From conception, the world put its own restrictions on me. During my mother’s pregnancy, the doctor announced that I was to be born with cleft foot, and mental disabilities. My mother chose not to believe in that report but to have faith for the best. She invested so much in this that she named me Imani:

Imani /e•mon•e/ (noun) Kiswahili origin 1. Faith.

Anytime I’ve faced adversity in my life my mother always reminds me to have faith. I learned very quickly that the standards of the world were not built for me. If I wanted something, I had to work 10 times harder for it. Doing whatever was in my power to make my dreams obtainable.

My life and Brandcenter has continued to be a test of that faith.

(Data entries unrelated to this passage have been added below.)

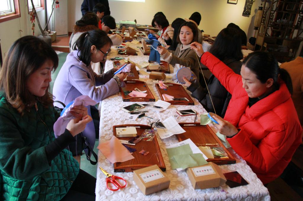 3月7日中午,在教学楼3508香道室里,由校妇委会、女职委组织的香道培训正火热进行。在郭娟老师的指导下,女职工们跟着教学视频一步步实践,大家从简单易入门的星座、特色字刺绣入手,描图案、套绣绷、回针绣、挂流苏、制香包……一个个小巧玲珑、绣工精美的香囊就做成了,馥郁香气弥漫至教室的各个角落和大家心中。(金巧娟)
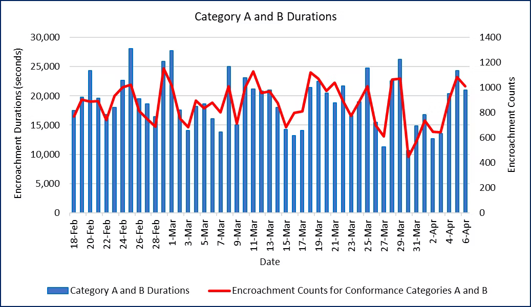 Figure 2. Encroachment Durations and Event Counts for Conformance Categories A and B
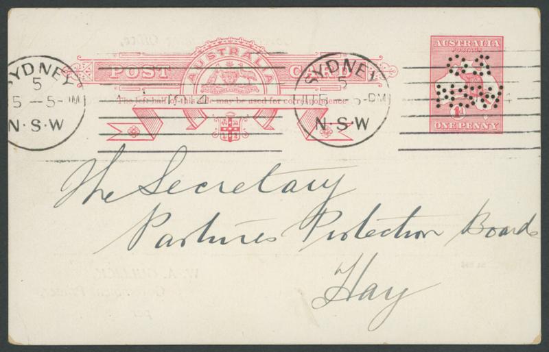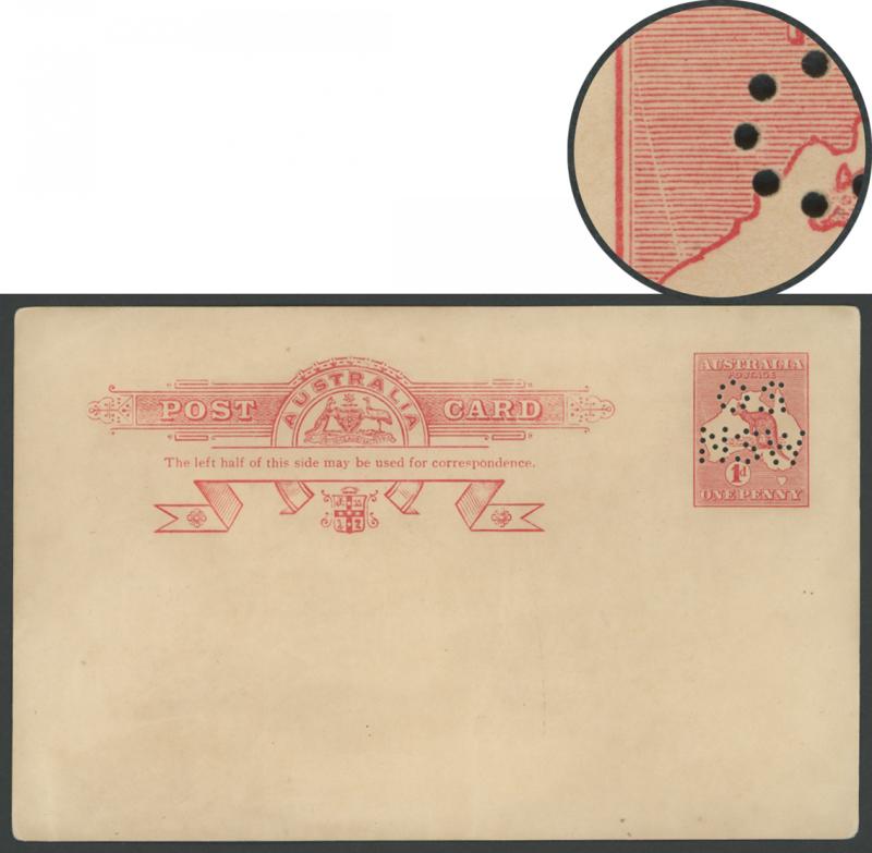 POSTAL CARDS: Kangaroos 1d red Die I on white surfaced stock Punctured 'OS/NSW' ACSC P24eb with printed message for Government
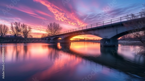 A bridge over a river during sunrise, painted with the soft
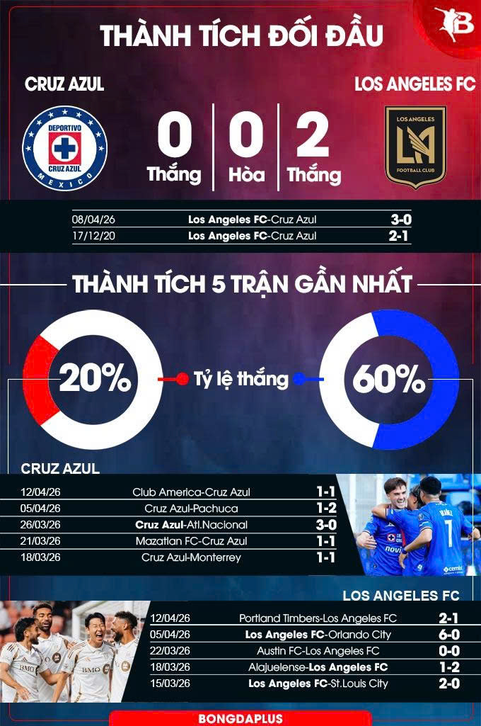 Điều đáng nói là ở 2 lần gặp nhau trước đây, Los Angeles đều thắng Cruz Azul. Với đội hình kinh nghiệm hơn đối thủ, đặc biệt là sở hữu ngôi sao Son Heung-min. Nhiều khả năng, Los Angeles FC sẽ lại giành chiến thắng để có vé đi tiếp.
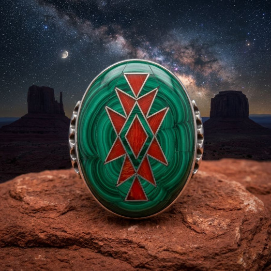 Sterling zilveren ring bezet met turkoois en versierd met een navajo symbool in koraal.

This program is not easy and I often describe it to others as being in the ring with heavyweight boxing champion Muhammed Ali. I’ve been knocked out a few times, but one thing is for sure: I kept my faith and didn’t give up. My story is not unlike any other Black girl climbing the professional ranks of an industry. We balance being Black (but not too Black), trying to speak for up for the unheard, gradually breaking stereotypes and doing so with grace and dignity. I’ve fortunately been blessed to always have a support system along the way.

Part of my journey has always been to make sure the next generation of Black girls feels heard and doesn’t have it as hard as me. Combine this with a village of like-minded classmates and thus BC Collective was born. We saw a need to establish a community where students felt safe to have tough conversations to shape the culture and future of advertising. The industry has acknowledged its flaws, and it was time for us as students to be able to bridge the gap and become advocates for those who aren’t represented. Monthly cultural convos, community service, and a week of cultural activities do not solve everything, but they are a start. With this as my legacy, I have faith that our industry will begin to look more like the people we represent, and other Black girls will believe all their dreams are obtainable.